# Can someone guide me with this simple induction problem?

• Apr 24th 2010, 07:17 AM
matthayzon89
Can someone guide me with this simple induction problem?
Prove: 2 + 4 + 6 + ... + 2n= n^2+n for all integers n >= 1.

Proof:

P(n):2+4+6+...+2n= n^2+n

P(2):2+4+6+...+2n= 2^2+2= 6 which is true.

Suppose that P(k): 2+4+6+...+2k= k^2+k where k>=1.

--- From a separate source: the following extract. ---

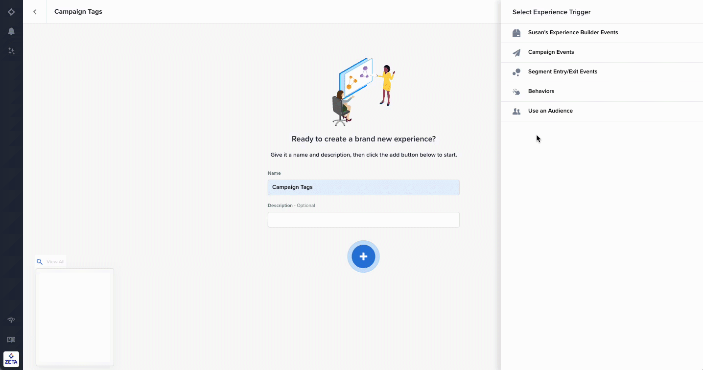 The new Use an Audience trigger in Experience Builder allows you to push an entire set of people into an experience at once, combining the power of journey orchestration with the control of audience selection and Broadcast Campaign functionality. After the audience is triggered, each person will move through the experience asynchronously so you can continue to provide personalized campaigns based on specific events they complete. |

2+4+6+...+2k+(2k+1)= (2k+1)^2+(2k+1)= 4k^2+2k+2k+1 +(2k + 1)= 4k^2+6k+2= 2(2k^2+3k+2)= This is as far as I have gotten(Headbang)

Thanks;)
• Apr 24th 2010, 08:19 AM
Quote:

Originally Posted by matthayzon89
Prove: 2 + 4 + 6 + ... + 2n= n^2+n for all integers n >= 1.

Proof:

P(n):2+4+6+...+2n= n^2+n

P(2):2+4+6+...+2n= 2^2+2= 6 which is true.

Suppose that P(k): 2+4+6+...+2k= k^2+k where k>=1.

2+4+6+...+2k+(2k+1)= (2k+1)^2+(2k+1)= 4k^2+2k+2k+1 +(2k + 1)= 4k^2+6k+2= 2(2k^2+3k+2)= This is as far as I have gotten(Headbang)

Thanks;)

Assume true for \$\displaystyle P(k)\$

Then \$\displaystyle P(k+1) = P(k) + 2(k+1) = k^2 + k + 2k + 2\$.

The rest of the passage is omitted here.